In the listing that follows, find the line with "Coupe-fil ergonomique de", then copy exactly from it through the line with "Dénim blanc cassé", leaving out every picture.
BEGIN DATA FOR PROCESSING
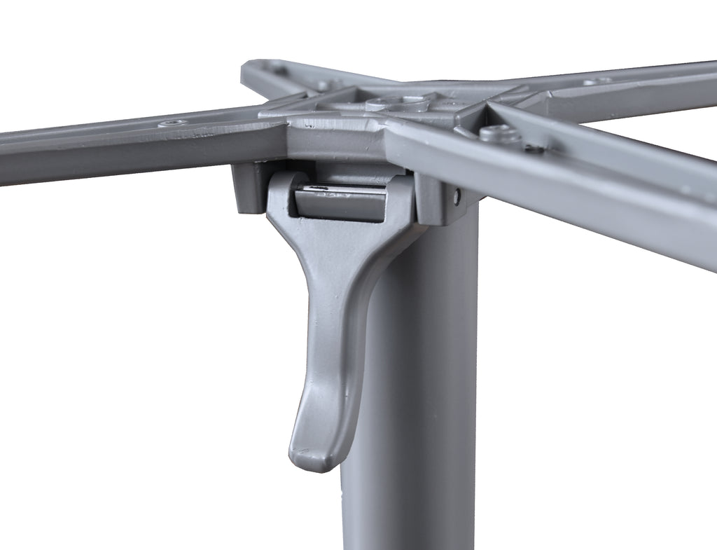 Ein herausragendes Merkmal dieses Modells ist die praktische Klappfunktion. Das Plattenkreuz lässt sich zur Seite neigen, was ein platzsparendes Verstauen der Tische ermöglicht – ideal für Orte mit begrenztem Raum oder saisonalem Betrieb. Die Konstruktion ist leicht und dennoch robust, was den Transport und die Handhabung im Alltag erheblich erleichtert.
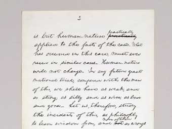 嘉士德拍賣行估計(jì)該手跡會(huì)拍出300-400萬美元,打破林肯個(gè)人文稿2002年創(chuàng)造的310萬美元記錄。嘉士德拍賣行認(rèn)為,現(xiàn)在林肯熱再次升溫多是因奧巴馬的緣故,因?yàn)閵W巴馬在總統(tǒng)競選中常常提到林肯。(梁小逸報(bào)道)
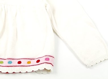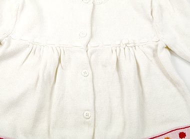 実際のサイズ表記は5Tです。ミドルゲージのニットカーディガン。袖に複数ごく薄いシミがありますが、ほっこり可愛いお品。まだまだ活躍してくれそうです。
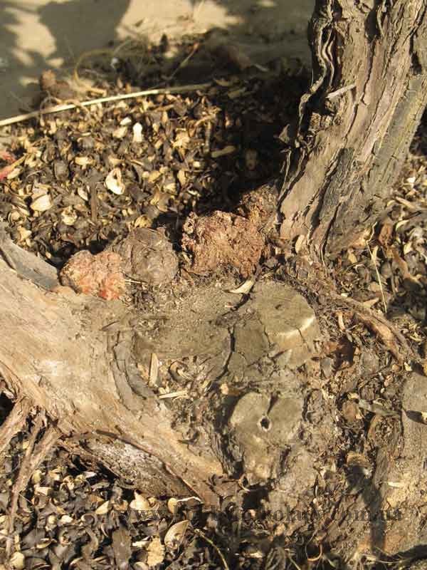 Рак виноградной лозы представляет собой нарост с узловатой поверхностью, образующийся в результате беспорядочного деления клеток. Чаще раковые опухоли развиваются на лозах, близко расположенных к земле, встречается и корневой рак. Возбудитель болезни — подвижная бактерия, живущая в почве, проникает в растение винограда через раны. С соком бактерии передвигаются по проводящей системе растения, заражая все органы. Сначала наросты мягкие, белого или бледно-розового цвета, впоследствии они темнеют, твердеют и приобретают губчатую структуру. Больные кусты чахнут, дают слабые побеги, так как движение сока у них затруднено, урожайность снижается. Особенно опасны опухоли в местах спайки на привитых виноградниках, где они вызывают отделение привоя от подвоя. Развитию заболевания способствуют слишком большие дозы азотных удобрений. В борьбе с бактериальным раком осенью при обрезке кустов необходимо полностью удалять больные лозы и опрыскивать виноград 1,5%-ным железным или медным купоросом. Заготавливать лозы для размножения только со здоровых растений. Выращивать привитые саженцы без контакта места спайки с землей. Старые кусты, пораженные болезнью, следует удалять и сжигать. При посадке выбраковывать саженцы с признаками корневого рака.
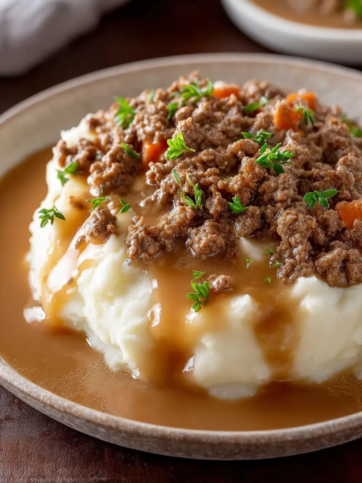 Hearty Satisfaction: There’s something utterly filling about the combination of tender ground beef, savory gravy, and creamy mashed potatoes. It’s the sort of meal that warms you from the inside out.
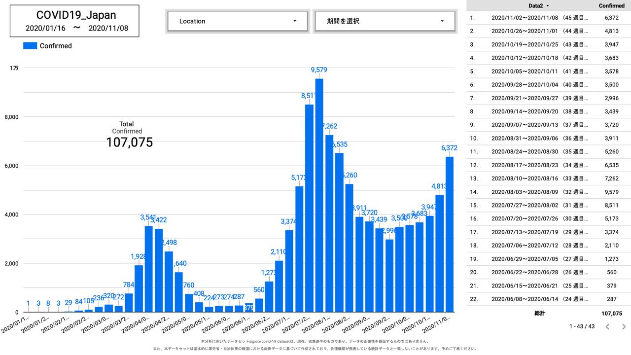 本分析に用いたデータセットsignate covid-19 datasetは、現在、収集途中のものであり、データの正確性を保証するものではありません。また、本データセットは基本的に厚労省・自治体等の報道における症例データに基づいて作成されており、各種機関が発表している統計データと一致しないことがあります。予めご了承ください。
END DATA FOR PROCESSING
BEGIN DATA FOR PROCESSING
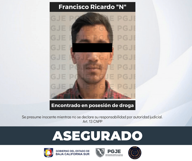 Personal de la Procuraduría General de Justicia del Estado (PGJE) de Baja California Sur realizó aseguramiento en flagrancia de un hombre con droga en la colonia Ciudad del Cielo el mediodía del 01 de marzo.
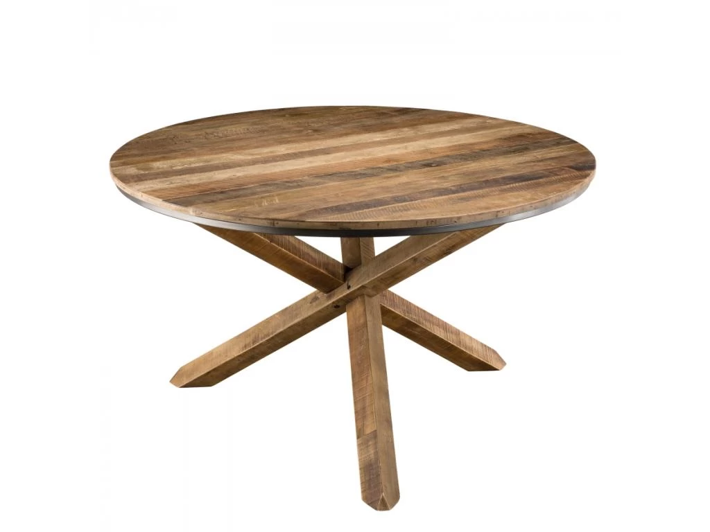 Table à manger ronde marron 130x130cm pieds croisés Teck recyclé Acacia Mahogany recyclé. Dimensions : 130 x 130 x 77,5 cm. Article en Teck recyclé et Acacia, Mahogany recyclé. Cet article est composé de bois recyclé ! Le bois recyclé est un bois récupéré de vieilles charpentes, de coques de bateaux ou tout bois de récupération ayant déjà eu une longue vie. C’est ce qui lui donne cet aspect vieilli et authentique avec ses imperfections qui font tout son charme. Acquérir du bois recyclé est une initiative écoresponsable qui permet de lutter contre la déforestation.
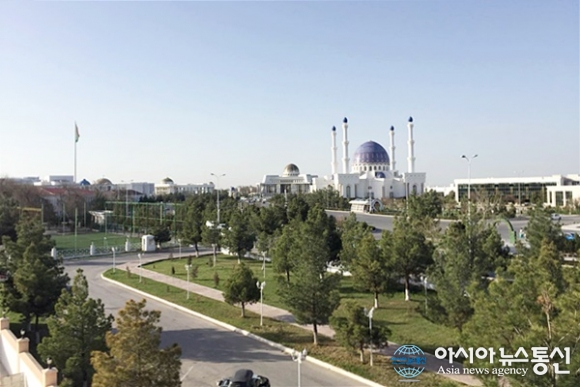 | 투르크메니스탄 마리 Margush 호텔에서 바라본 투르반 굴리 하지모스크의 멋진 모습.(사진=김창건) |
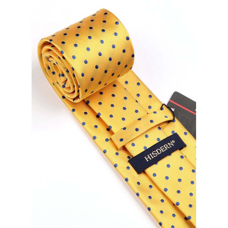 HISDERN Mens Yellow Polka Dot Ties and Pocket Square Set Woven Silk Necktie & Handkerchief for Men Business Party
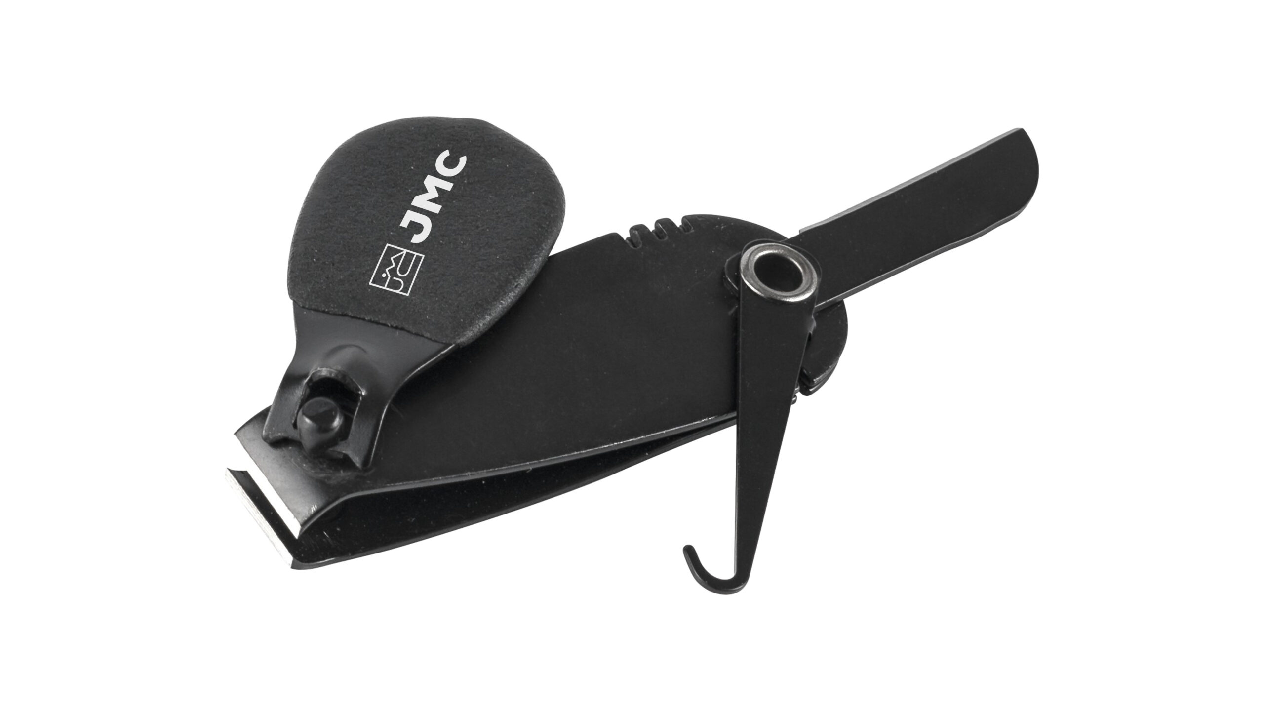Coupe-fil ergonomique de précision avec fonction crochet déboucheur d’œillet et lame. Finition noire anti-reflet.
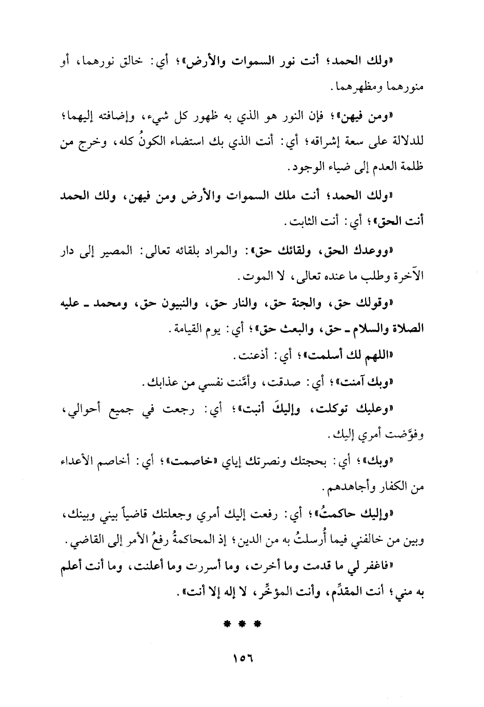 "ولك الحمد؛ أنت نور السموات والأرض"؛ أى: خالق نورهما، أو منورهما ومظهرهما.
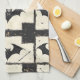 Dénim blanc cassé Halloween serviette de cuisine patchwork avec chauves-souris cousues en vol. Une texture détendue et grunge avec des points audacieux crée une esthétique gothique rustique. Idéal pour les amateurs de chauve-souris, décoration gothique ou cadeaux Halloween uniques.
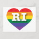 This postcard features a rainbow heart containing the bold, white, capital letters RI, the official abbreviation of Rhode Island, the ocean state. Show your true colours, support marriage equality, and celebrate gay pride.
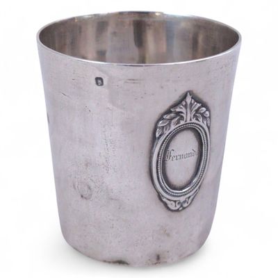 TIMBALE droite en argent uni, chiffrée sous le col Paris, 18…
END DATA FOR PROCESSING
- [SOLUTION FOR THIS TASK]
Coupe-fil ergonomique de précision avec fonction crochet déboucheur d’œillet et lame. Finition noire anti-reflet.
 "ولك الحمد؛ أنت نور السموات والأرض"؛ أى: خالق نورهما، أو منورهما ومظهرهما.
 Dénim blanc cassé Halloween serviette de cuisine patchwork avec chauves-souris cousues en vol. Une texture détendue et grunge avec des points audacieux crée une esthétique gothique rustique. Idéal pour les amateurs de chauve-souris, décoration gothique ou cadeaux Halloween uniques.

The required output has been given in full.